Machine learning (ML), broadly defined, is the extraction of patterns and insights from data. The phrases “artificial intelligence,” “machine learning,” “deep learning,” and “pattern recognition” are often convoluted, interchanged, and used synonymously throughout the literature. This ambiguity arises because the field of “extracting patterns and insights from data” was developed simultaneously and disjointedly among a number of classical arts like mathematics, statistics, and computer science. For consistency, the term machine learning (ML) will be adopted herein, however, one skilled in the art will recognize that the concepts and methods detailed hereafter are not limited by this choice of nomenclature.


Machine learning model types may include, but are not limited to, k-means, k-nearest neighbors, neural networks, logistic regression, random forests, generalized linear models, and Bayesian regression. Also, machine-learning encompasses model types that may further be categorized as “supervised,” “unsupervised,” “semi-supervised,” or “reinforcement” models. One with ordinary skill in the art will appreciate that additional or alternate machine learning model categorizations may be defined without departing form the scope of this disclosure. Machine learning model types are usually associated with additional “hyperparameters” which further describe the model. For example, hyperparameters providing further detail about a neural network may include, but are not limited to, the number of layers in the neural network, choice of activation functions, inclusion of batch normalization layers, and regularization strength. Commonly, in the literature, the selection of hyperparameters surrounding a model is referred to as selecting the model “architecture.”

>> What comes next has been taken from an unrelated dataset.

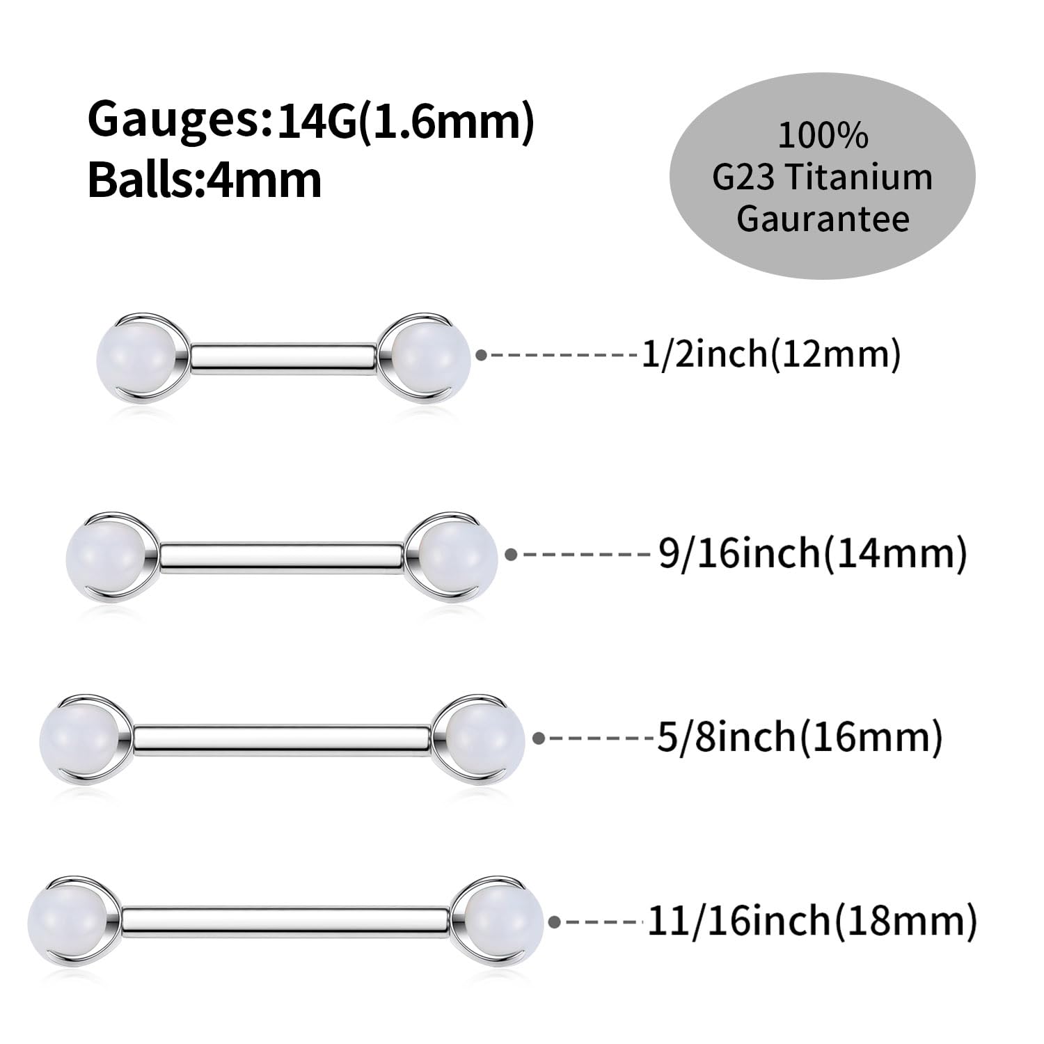 Size and Color: gauge: 14G (1.6 mm); Nipple Barbell Length: 1/2"(12 mm); Ball Size: 4 mm. Color: Silver with white rainbow stone. 2pcs nipple rings per order
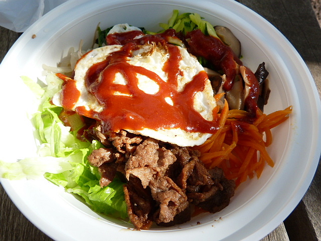 You get a regular-sized takeout container full of the traditional vegetables and a mound of rice, plus a fair amount of beef (although you can also get it vegetarian), and a sunny-side up egg. The chili paste is optional, but if you say you want it they go to town with it. While I ate this I pretended it was a salad because after all it was half vegetables, right?

A cursory introduction to a few machine learning models and the general principles related to training a supervised machine learning model are provided below. However, while descriptions of machine learning models are provided to aid in understanding, one with ordinary skill in the art will recognize that these descriptions do not impose a limitation on the instant disclosure. This is because one with ordinary skill in the art will appreciate that, due to the depth and breadth of the field, a detailed description of the field of machine learning, and the various model types encompassed by the field, cannot be adequately summarized in the present disclosure.


In machine learning, algorithms are trained to find patterns and correlations in large training data sets and to make the best decisions and predictions based on that analysis. Machine learning algorithms build a model based on sample data, known as training data, in order to make predictions or decisions without being explicitly programmed to do so. A training data set is a dataset of examples used during the learning process to fit the parameters of machine learning algorithms, such as weights of a classifier.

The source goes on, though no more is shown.